Same idea in analytics databases:

-- BigQuery
SELECT APPROX_COUNT_DISTINCT(user_id) FROM events WHERE date = '2026-06-17';
 
-- Snowflake
SELECT APPROX_COUNT_DISTINCT(user_id) FROM events;
 
-- PostgreSQL (pg_hll extension)
SELECT hll_cardinality(hll_add_agg(hll_hash_text(user_id::text))) FROM events;

Elasticsearch cardinality aggregation, Apache Flink, Spark, Redshift, and Vertica all use HLL internally too.


When NOT to Use It

Situation Why HLL fails Use instead
Exact billing / compliance counts Estimate only, no hard guarantee Exact COUNT(DISTINCT …)
"Was element X ever added?" Stores no elements, only sketch state Bloom filter or a Set
Tiny sets (< ~100 items) Relative error is high at small cardinalities Exact set
Need to list/retrieve the elements One-way sketch — no element retrieval possible Set
Adversarial inputs (rate-limit, DDoS detection) Attacker who knows your hash function can craft inputs that collapse the estimate Randomized seed per instance

Summary

Problem:  COUNT(DISTINCT x) on billions of rows is slow and memory-hungry.
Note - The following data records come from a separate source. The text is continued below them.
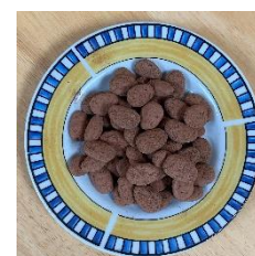
Amande enrobées de chocolat
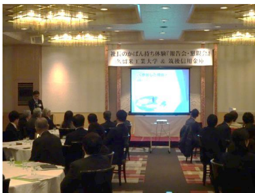
（報告を行う久留米工業大学生）
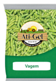
REF: 5909 Vagem Inteira Congelada Ati-Gel - Pacote 2,5kg 4x2,5kg
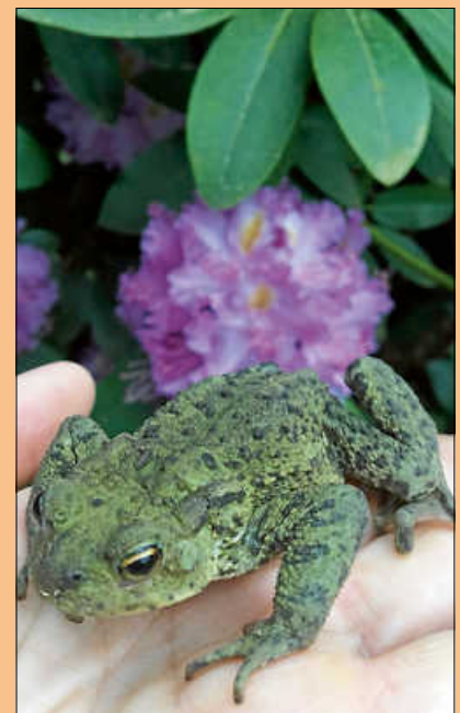
Kröte und Hortensie.
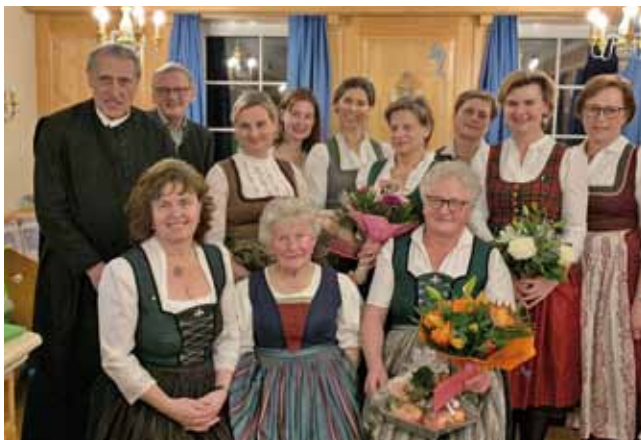
Danke für die langjährige Arbeit bei der Goldhaubengruppe!

HLL idea: hash each element → track max leading zeros per register
          → harmonic mean → cardinality estimate.

Cost:     12 KB memory, O(1) add, O(1) count, free merges.
Error:    ~0.81% (Redis default).

Use when: approximate count is fine, scale is large, mergeability matters.
Skip when: you need exact results, element lookup, or the input is adversarial.